Merritt: Yeah, so, like, the two that are outside of my region—I've had the issue we talked about earlier, like vendor issues, right? Like, yeah, over—was it Memorial? Yeah, Memorial holiday weekend. I had a—the well was, like, kicking up dirt, and so we couldn't get a plumber out there.

I called every plumber on Google, and then I ended up—my cleaner ended up hooking me up with her handyman, who went out there. And luckily, the problem had already subsided because it was pretty much just, like, soil was kicked up because of a high water table.

But you have those more rural properties, and, like, finding a vendor in a pinch is really hard, right? Like, it's this tiny community. So, that's definitely a barrier I've been running into—finding vendors at those two more rural properties.

The city properties—I have multiple cleaning teams, multiple maintenance crews.

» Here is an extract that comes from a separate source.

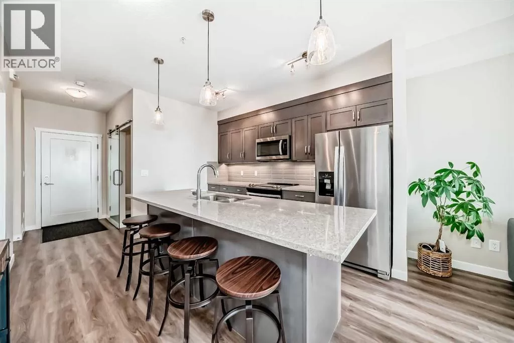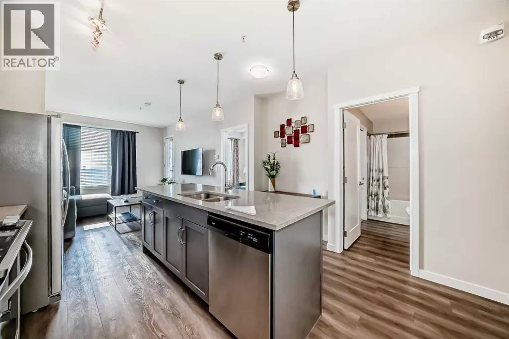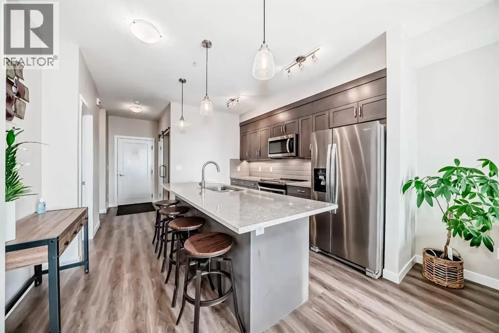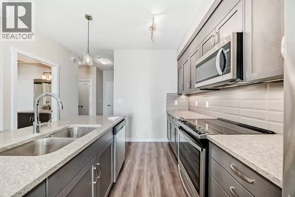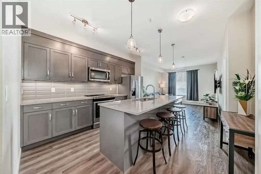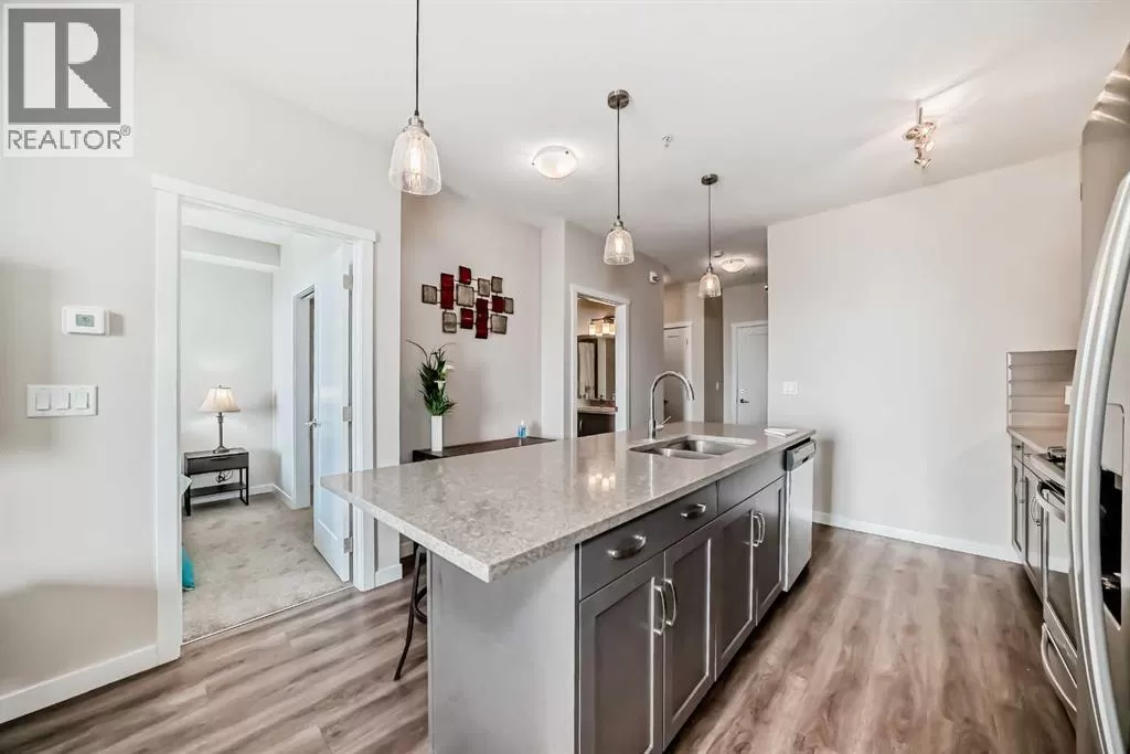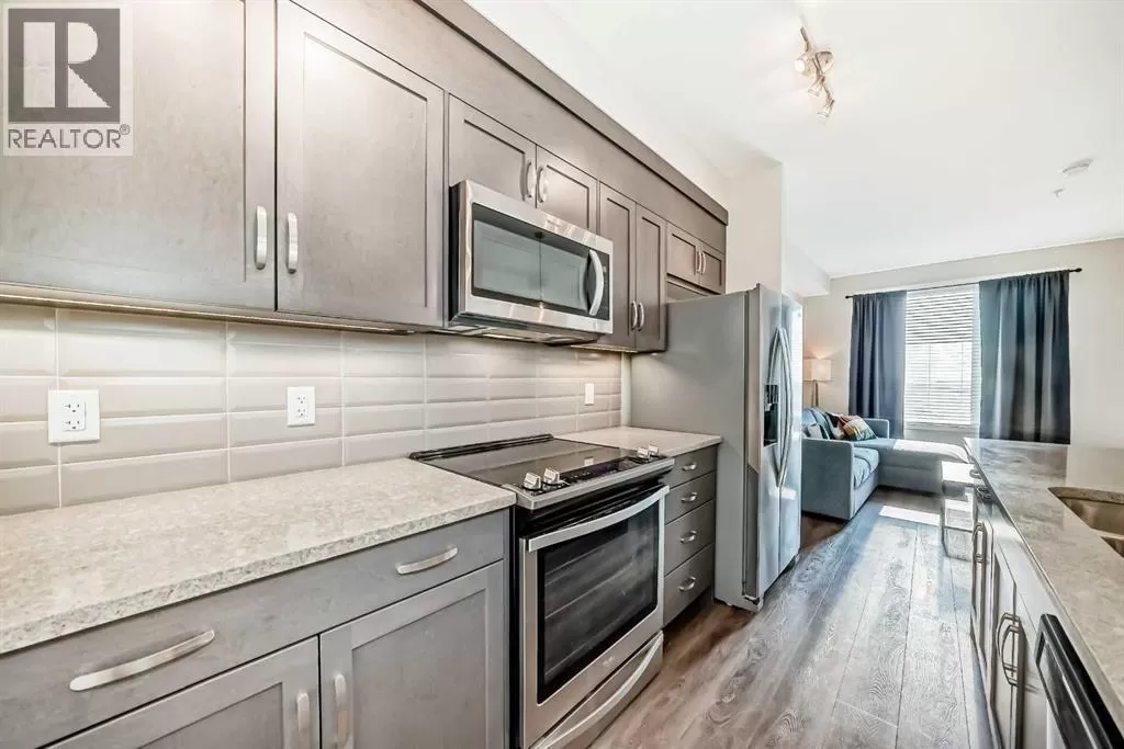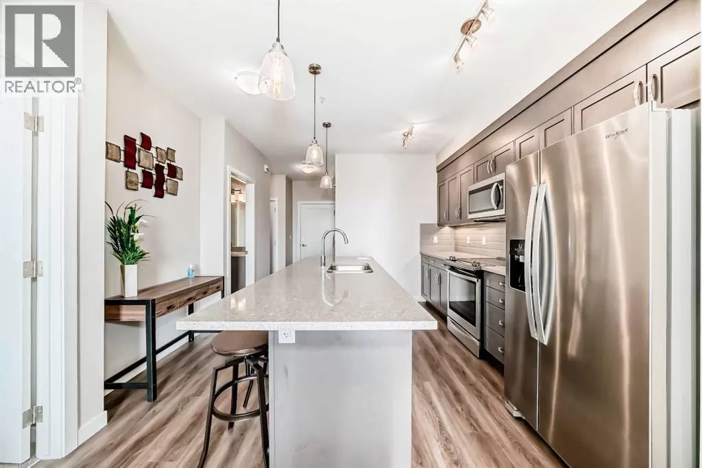 Imagine living in this Bright condo that is beautifully decorated with vinyl plank floors, granite counters, stylish kitchen cabinets, a den/second bedroom, a spacious primary bedroom with a walk in closet that leads to 4 piece bathroom. The Living room and kitchen area is a wide open space with a door to a private balcony and a view to the morning sun and Fish Creek C-Train station. The den has a sliding glass door that allows natural light to stream in. This kitchen is decorated with stainless steel appliances and this home comes with a titled underground parking stall and insuite laundry. This home is located a short walk or bike ride to Fish Creek Park, shopping, restaurants and YMCA. This is a great investment or first home. Don't miss this opportunity! 209, 30 Shawnee Common SW (id:27476)

I have a property manager here locally who is awesome. She handles, like, a lot of the communication and a lot of resolving issues. I have a guy who takes out the trash every week.

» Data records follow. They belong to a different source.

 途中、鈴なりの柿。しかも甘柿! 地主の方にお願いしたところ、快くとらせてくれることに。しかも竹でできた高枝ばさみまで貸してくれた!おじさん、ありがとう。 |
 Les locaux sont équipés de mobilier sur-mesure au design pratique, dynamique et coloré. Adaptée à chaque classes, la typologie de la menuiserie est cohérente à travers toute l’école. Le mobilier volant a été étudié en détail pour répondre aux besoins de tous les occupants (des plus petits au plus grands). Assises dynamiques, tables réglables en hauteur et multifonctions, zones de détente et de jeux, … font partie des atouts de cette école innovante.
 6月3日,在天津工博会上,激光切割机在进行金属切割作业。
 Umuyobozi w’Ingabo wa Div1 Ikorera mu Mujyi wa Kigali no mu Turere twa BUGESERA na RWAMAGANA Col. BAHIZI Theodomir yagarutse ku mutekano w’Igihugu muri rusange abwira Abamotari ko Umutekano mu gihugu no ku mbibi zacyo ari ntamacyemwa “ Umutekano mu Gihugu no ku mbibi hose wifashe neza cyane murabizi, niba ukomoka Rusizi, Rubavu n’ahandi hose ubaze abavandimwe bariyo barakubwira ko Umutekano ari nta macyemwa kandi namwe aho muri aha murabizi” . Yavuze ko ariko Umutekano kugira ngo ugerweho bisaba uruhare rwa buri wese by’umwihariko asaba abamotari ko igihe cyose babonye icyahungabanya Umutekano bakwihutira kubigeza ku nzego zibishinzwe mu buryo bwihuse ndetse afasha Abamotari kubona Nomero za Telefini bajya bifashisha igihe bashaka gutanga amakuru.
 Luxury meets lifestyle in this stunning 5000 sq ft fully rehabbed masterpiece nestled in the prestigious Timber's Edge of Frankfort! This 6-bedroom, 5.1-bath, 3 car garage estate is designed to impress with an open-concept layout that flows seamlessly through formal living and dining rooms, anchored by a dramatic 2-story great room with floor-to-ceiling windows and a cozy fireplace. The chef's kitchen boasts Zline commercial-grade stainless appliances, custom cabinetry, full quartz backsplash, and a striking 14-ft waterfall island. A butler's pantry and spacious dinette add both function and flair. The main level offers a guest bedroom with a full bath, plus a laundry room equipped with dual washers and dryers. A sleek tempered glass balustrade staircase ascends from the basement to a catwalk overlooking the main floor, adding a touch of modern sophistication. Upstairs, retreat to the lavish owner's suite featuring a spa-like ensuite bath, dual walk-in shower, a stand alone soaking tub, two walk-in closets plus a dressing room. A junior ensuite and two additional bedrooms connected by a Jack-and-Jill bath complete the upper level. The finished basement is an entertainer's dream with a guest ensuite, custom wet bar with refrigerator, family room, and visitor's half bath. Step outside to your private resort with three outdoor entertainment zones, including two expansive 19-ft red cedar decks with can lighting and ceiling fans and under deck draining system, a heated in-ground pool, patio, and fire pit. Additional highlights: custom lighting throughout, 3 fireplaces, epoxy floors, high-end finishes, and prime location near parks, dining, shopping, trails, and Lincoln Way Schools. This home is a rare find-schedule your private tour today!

Like, the logistics of the city properties is a lot easier because it's kind of in a bigger city, and I can build out vendor teams a lot easier than I can in the rural areas.

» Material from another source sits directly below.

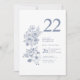 Flor Floral Mínimo Botânico Floral Azul 22º Aniversário | Convites de aniversário para adultos | Bolsas de cor azul-poeirenta mínima botulínica 22ª Convites | 22.a Celebração de Aniversário
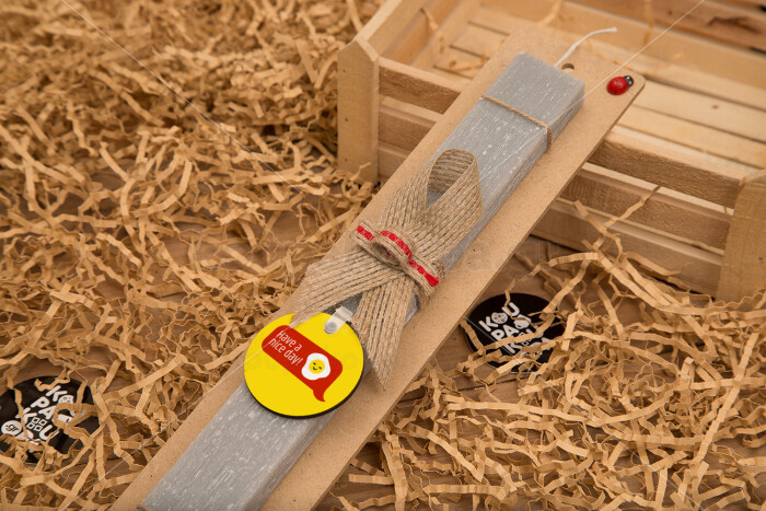 Have a nice day Emoji, Easter Set, wooden keychain & scented Easter candle flat (30cm) (GRAY)

Jeremy: Yeah, I would say so. When, Merritt, when you start buying—I know you bought some, but we've also talked about raising capital. Yes, and doing bigger deals, yeah.

So, when you do co-host, kind of having one property in one area that has its own cleaning team, its own handyman, and its own plumber is not—it's not great. But, right, when you start buying, a lot of times I consider being rural like a moat—being in a place with sparse resources. And something that means that Tech Fester, who's a $100 million short-term rental fund, they're not going to go there. They're not going to go there and launch 10 properties, right?

Merritt: Because smaller ponds

Jeremy: Well, it's a smaller pond. But it's just like the logistics required to get that operation up and running are a lot. But once you have that team—so we have properties on our lake in rural North Carolina where we own four, yeah, and we also manage four on that lake. That's also where I have a seven-boat rental business.

We have a full-time crew, right? Like, people—when we call folk, they come. Yeah. Where they probably won't come for other people because we have scale, we have the operations in place. So, we could outperform everybody. Whenever I see reviews on other properties there, they're like, "We didn't have water for three days, and they couldn't get anyone to come out." We don't have that issue—knock on wood.

Merritt: Yeah, that's good. basically—like, you have a little bit—you’re not competing against multi-million-dollar investor funds basically when you go more rural. Is that what you're saying?

Yeah, an area where you can dominate the market a little better.

Jeremy: Yeah, exactly. Where you don't have competition, or maybe you have competition, but it's not good competition.

Yes, like, you are going to be the top performer in that market, and you don't have to worry about 30 new Airbnbs popping up tomorrow. I'd say Western NC—same thing. We have a couple of properties there. We have, between our properties, kind of a handyman who loves working with us. Any issue—he’ll come out and deal with it.

So, we don't have that stress of not getting things resolved. Because that's really what a lot—I mean, you have issues in this game, right? You have.

Merritt: Yes. One of the things—one of the things though that I've been noticing. So, on AirDNA, there are a couple of top properties in Syracuse that did over $100K. They did $120K, and one did, like, maybe $130K. They were lofts downtown.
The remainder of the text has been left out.